Items from a dataset
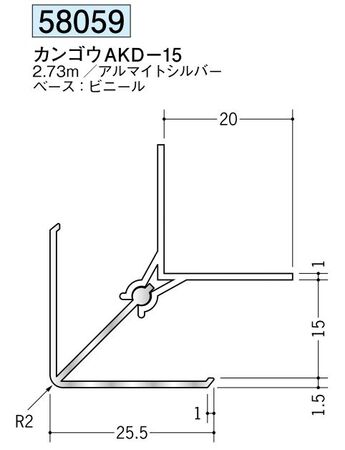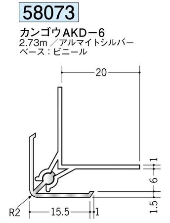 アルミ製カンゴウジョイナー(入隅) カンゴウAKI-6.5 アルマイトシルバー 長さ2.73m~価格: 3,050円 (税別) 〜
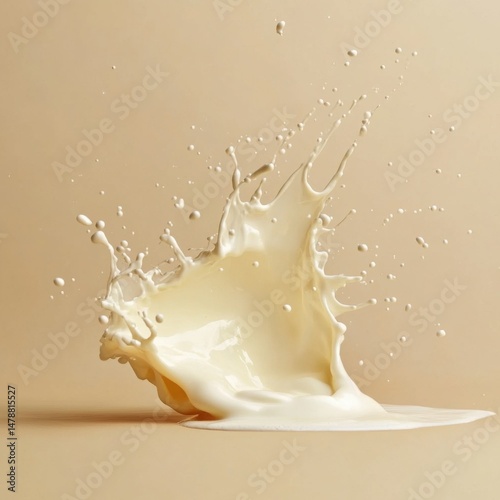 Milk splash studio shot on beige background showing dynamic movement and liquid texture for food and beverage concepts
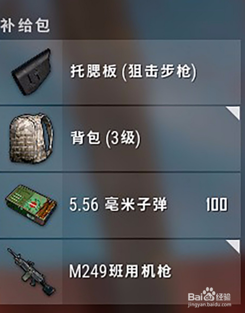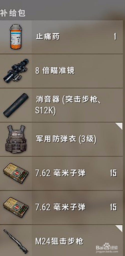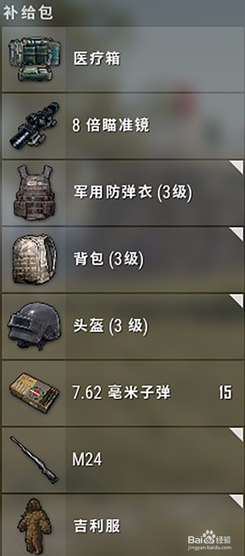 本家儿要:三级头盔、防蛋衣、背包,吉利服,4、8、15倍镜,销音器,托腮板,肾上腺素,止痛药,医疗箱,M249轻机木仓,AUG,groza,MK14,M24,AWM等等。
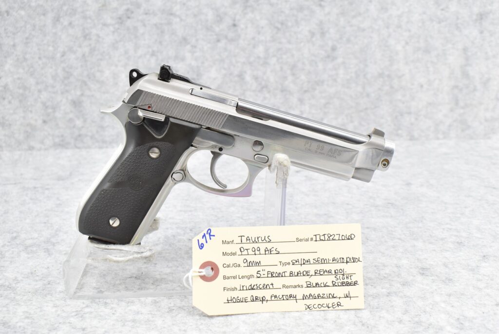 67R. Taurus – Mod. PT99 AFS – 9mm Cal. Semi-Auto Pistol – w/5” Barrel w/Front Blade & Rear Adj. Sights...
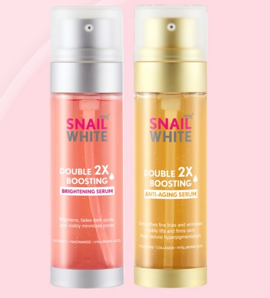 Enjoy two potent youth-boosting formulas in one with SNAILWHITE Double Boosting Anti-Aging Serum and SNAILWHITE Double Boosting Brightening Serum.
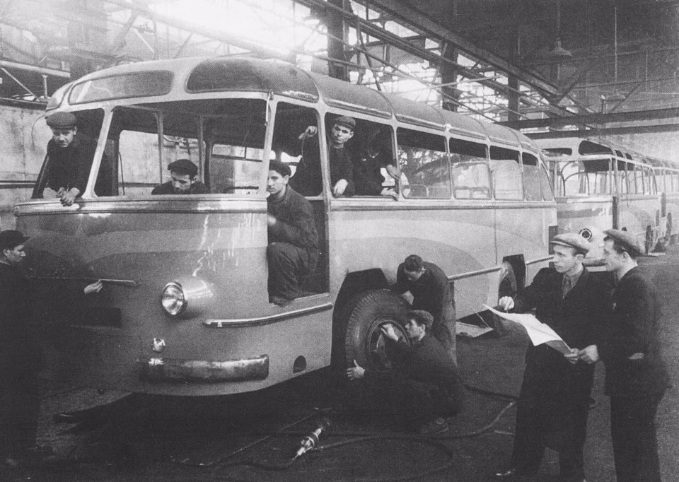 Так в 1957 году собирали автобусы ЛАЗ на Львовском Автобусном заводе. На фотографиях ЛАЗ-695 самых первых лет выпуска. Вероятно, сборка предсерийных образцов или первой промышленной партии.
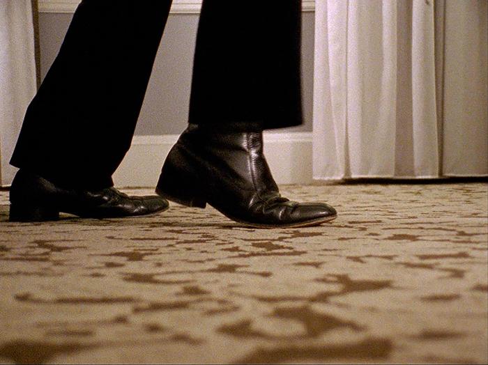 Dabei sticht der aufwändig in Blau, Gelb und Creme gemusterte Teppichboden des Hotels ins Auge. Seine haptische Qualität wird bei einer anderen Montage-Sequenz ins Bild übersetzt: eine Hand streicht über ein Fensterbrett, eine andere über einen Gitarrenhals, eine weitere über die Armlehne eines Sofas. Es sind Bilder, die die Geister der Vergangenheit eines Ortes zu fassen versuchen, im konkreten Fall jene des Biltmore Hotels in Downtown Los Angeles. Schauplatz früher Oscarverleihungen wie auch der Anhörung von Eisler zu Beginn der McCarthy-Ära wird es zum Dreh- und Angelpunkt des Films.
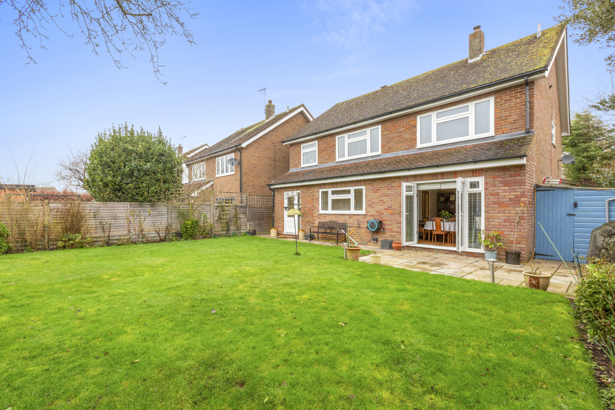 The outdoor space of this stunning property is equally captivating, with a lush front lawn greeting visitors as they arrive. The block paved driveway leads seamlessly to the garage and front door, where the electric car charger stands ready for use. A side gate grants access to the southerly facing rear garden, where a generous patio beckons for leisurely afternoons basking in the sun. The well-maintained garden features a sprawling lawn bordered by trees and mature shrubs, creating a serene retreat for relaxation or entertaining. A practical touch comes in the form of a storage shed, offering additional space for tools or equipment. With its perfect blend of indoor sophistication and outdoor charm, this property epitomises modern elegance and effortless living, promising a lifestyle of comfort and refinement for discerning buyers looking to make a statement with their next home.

Task instructions: Could the entries above be returned verbatim, with no pictures included?

Response to the exercise:
 アルミ製カンゴウジョイナー(入隅) カンゴウAKI-6.5 アルマイトシルバー 長さ2.73m~価格: 3,050円 (税別) 〜
 Milk splash studio shot on beige background showing dynamic movement and liquid texture for food and beverage concepts
 本家儿要:三级头盔、防蛋衣、背包,吉利服,4、8、15倍镜,销音器,托腮板,肾上腺素,止痛药,医疗箱,M249轻机木仓,AUG,groza,MK14,M24,AWM等等。
 67R. Taurus – Mod. PT99 AFS – 9mm Cal. Semi-Auto Pistol – w/5” Barrel w/Front Blade & Rear Adj. Sights...
 Enjoy two potent youth-boosting formulas in one with SNAILWHITE Double Boosting Anti-Aging Serum and SNAILWHITE Double Boosting Brightening Serum.
 Так в 1957 году собирали автобусы ЛАЗ на Львовском Автобусном заводе. На фотографиях ЛАЗ-695 самых первых лет выпуска. Вероятно, сборка предсерийных образцов или первой промышленной партии.
 Dabei sticht der aufwändig in Blau, Gelb und Creme gemusterte Teppichboden des Hotels ins Auge. Seine haptische Qualität wird bei einer anderen Montage-Sequenz ins Bild übersetzt: eine Hand streicht über ein Fensterbrett, eine andere über einen Gitarrenhals, eine weitere über die Armlehne eines Sofas. Es sind Bilder, die die Geister der Vergangenheit eines Ortes zu fassen versuchen, im konkreten Fall jene des Biltmore Hotels in Downtown Los Angeles. Schauplatz früher Oscarverleihungen wie auch der Anhörung von Eisler zu Beginn der McCarthy-Ära wird es zum Dreh- und Angelpunkt des Films.
 The outdoor space of this stunning property is equally captivating, with a lush front lawn greeting visitors as they arrive. The block paved driveway leads seamlessly to the garage and front door, where the electric car charger stands ready for use. A side gate grants access to the southerly facing rear garden, where a generous patio beckons for leisurely afternoons basking in the sun. The well-maintained garden features a sprawling lawn bordered by trees and mature shrubs, creating a serene retreat for relaxation or entertaining. A practical touch comes in the form of a storage shed, offering additional space for tools or equipment. With its perfect blend of indoor sophistication and outdoor charm, this property epitomises modern elegance and effortless living, promising a lifestyle of comfort and refinement for discerning buyers looking to make a statement with their next home.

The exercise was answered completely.